__DATA SUPPLIED__.
▬▬▬▬▬▬▬▬▬▬

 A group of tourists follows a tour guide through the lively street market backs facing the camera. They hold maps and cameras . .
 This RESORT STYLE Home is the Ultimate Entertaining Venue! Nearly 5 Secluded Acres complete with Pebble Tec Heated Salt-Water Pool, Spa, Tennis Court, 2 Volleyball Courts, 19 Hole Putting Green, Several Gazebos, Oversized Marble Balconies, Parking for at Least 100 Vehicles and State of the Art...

▬▬▬▬▬▬▬▬▬▬

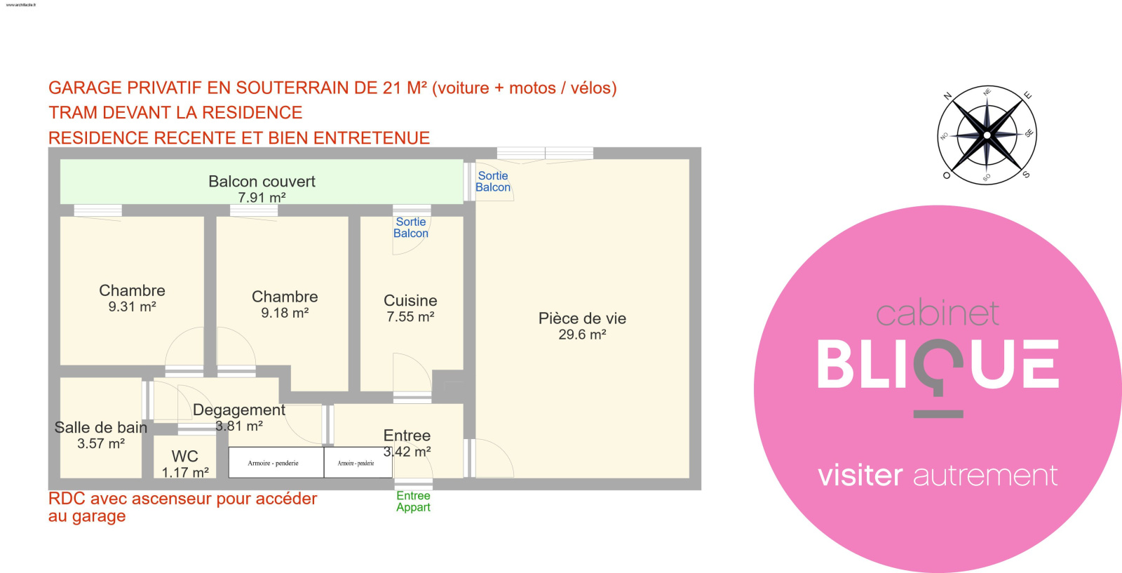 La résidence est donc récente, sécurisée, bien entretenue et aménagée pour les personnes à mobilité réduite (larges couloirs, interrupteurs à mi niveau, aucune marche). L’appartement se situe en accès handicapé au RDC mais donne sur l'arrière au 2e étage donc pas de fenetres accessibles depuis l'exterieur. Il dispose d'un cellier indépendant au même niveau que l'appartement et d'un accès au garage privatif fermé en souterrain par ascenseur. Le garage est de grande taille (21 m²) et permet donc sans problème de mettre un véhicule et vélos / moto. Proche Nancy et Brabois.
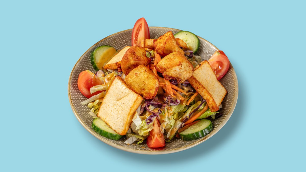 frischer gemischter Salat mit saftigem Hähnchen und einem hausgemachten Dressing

▬▬▬▬▬▬▬▬▬▬

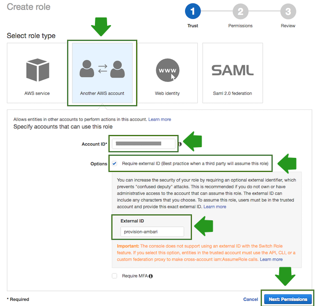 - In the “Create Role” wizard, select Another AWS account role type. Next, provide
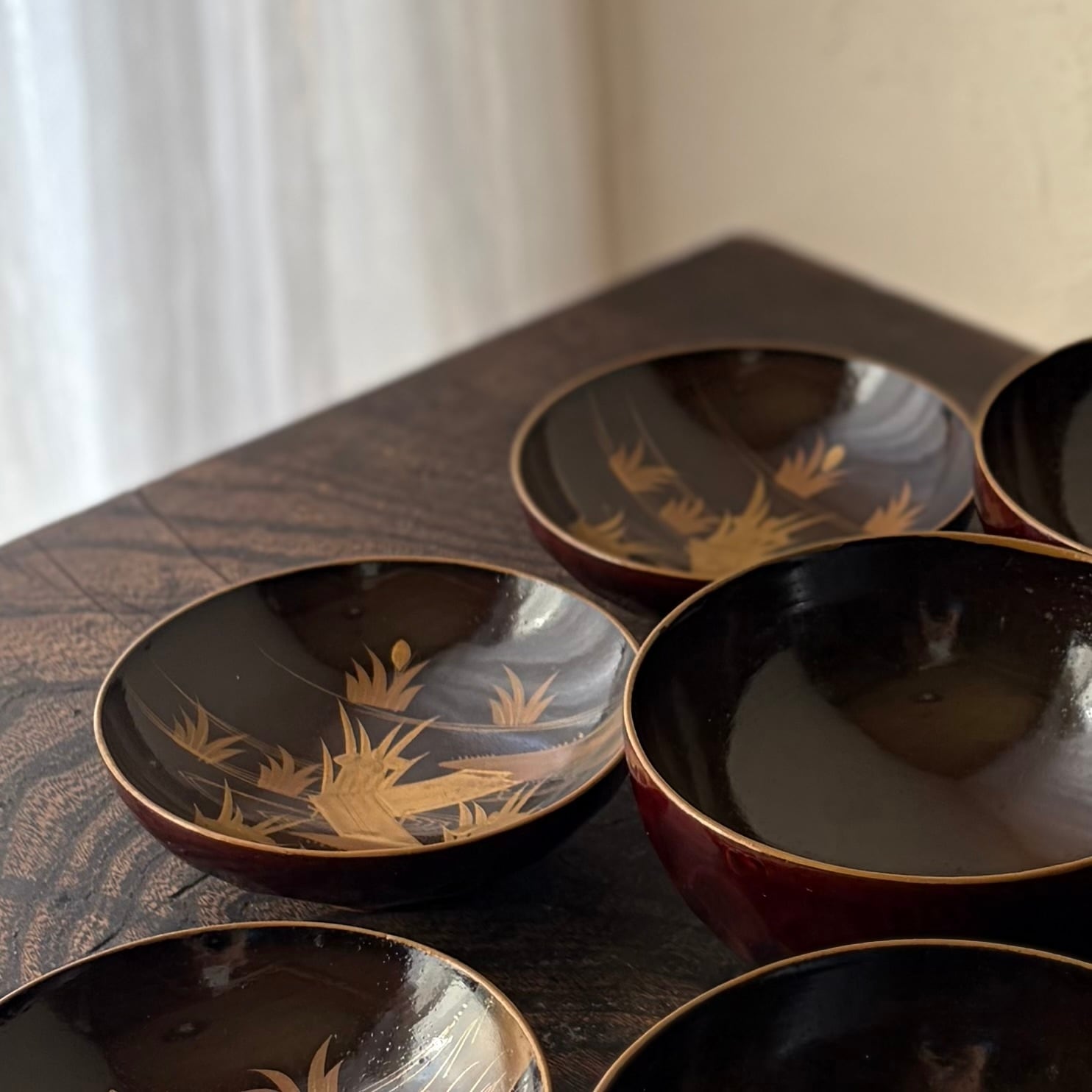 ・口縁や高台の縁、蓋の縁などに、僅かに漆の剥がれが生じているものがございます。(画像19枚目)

▬▬▬▬▬▬▬▬▬▬

__TASK STATEMENT__. Since only part of the listing is wanted, copy exactly the lines from the one holding "A group of tourists" to the one holding "This RESORT STYLE", both included.

__OUTPUT__.
 A group of tourists follows a tour guide through the lively street market backs facing the camera. They hold maps and cameras . .
 This RESORT STYLE Home is the Ultimate Entertaining Venue! Nearly 5 Secluded Acres complete with Pebble Tec Heated Salt-Water Pool, Spa, Tennis Court, 2 Volleyball Courts, 19 Hole Putting Green, Several Gazebos, Oversized Marble Balconies, Parking for at Least 100 Vehicles and State of the Art...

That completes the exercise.